Crain’s Chicago Business reported Thursday the paper is dropping its paywall five months after being acquired by WBEZ-FM parent Chicago Public Media in a non-profit deal. It’s now planning a membership program.
“One of the major initiatives we have that we know has some risk associated with it but we’re very committed to is to roll out a membership program,” Chicago Public Media CEO Matt Moog said recently at a Northwestern University Medill School Of Journalism panel earlier this week. “We’re going to drop the paywall of the Chicago Sun-Times and launch a membership program that will count on voluntary contributions to support the journalism.”
The membership model is used by many non-profit news organizations in order to keep their operations afloat, in addition on relying on corporate and philanthropic donors.
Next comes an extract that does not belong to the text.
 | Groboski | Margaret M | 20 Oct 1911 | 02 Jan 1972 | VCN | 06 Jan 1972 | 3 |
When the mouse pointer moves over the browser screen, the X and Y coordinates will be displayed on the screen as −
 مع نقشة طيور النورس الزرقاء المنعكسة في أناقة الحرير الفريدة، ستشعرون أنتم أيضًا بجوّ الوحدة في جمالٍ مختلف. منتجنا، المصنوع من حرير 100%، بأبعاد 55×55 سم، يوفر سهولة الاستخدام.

Other major non-profit news organizations include Block Club Chicago and the Chicago Reader. A date has not been set for the paywall’s end.
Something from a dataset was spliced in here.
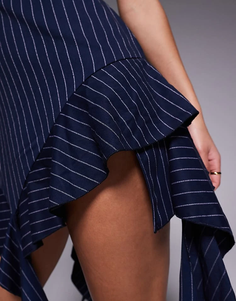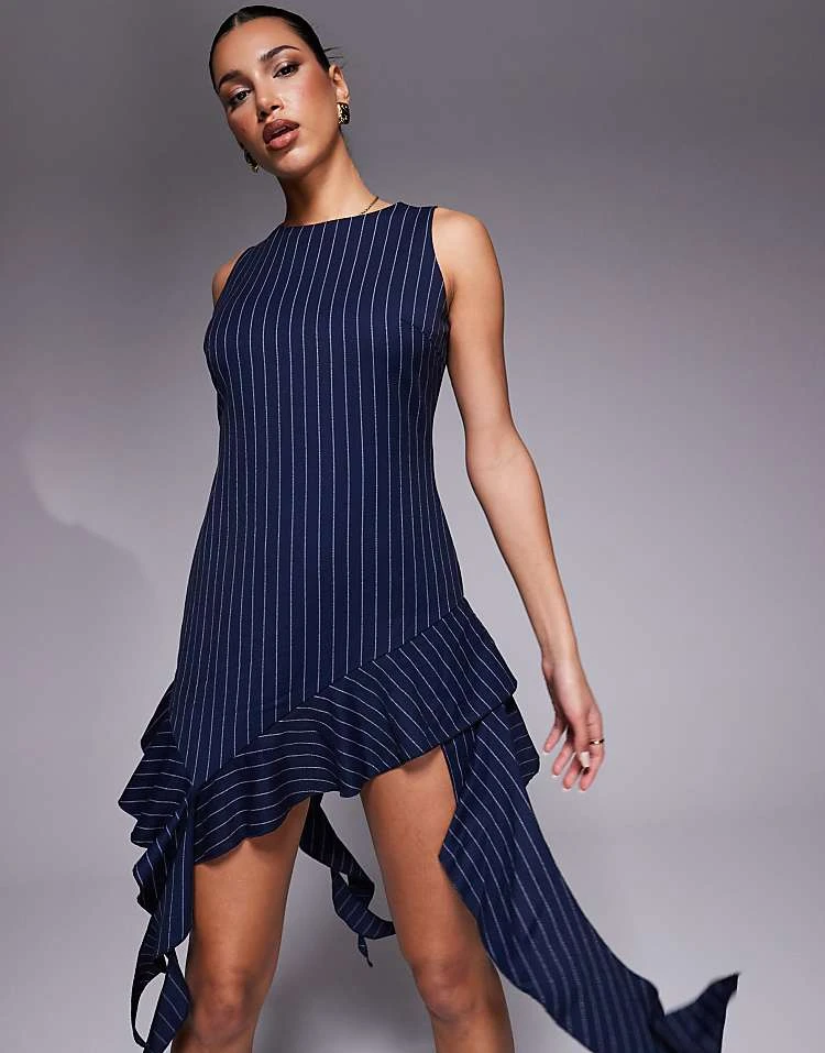 In The Style X Natalya Wright Exclusive Tailored Ruffle Hem Mini Dress In Navy Pinstripe For Women

The deal made waves when it was announced because for the first time in recent memory, a non-profit radio station was acquiring a newspaper. The FCC’s decision to end the cross-ownership rules – prohibiting a radio station to own a newspaper in the same market – obviously paved the way for this to happen, although it didn’t really need FCC approval in the first place. After decades as a for-profit entity under a parade of owners, the Sun-Times had to convert to non-profit 501(c)3 status to make the deal happen. As a result and by law, they cannot endorse political candidates. The merger was completed in February.
Moog stated the WBEZ/Sun-Times partnership has reached about two million people in the Chicago area, and both have collaborated on several projects. Both are moving into the Old Post Office over the Eisenhower Expressway, a former U.S. Postal facility that has been refurbished and remodeled over the years, though WBEZ is maintaining space and studios at Navy Pier. He pointed out there are around 200,000 members/subscribers of both and believes the numbers can be expanded.
The merger came as WBEZ has experienced a surge of listeners over the last few years, often placing first as it did in February when it tied Adult R&B V103 (WVAZ-FM) for the honors. During the last ratings period, WBEZ was tied for fourth overall with iHeartMedia Gold AC music station The Lite (WLIT-FM) overall.
This wasn’t the only news about non-profit newspapers on Thursday. Earlier, two South Side newspapers announced a merger: The Hyde Park Herald and South Side Weekly as Hyde Park Herald owner Bruce Sagan announced his retirement at 93 and donated his assets of his paper to the principals behind South Side Weekly.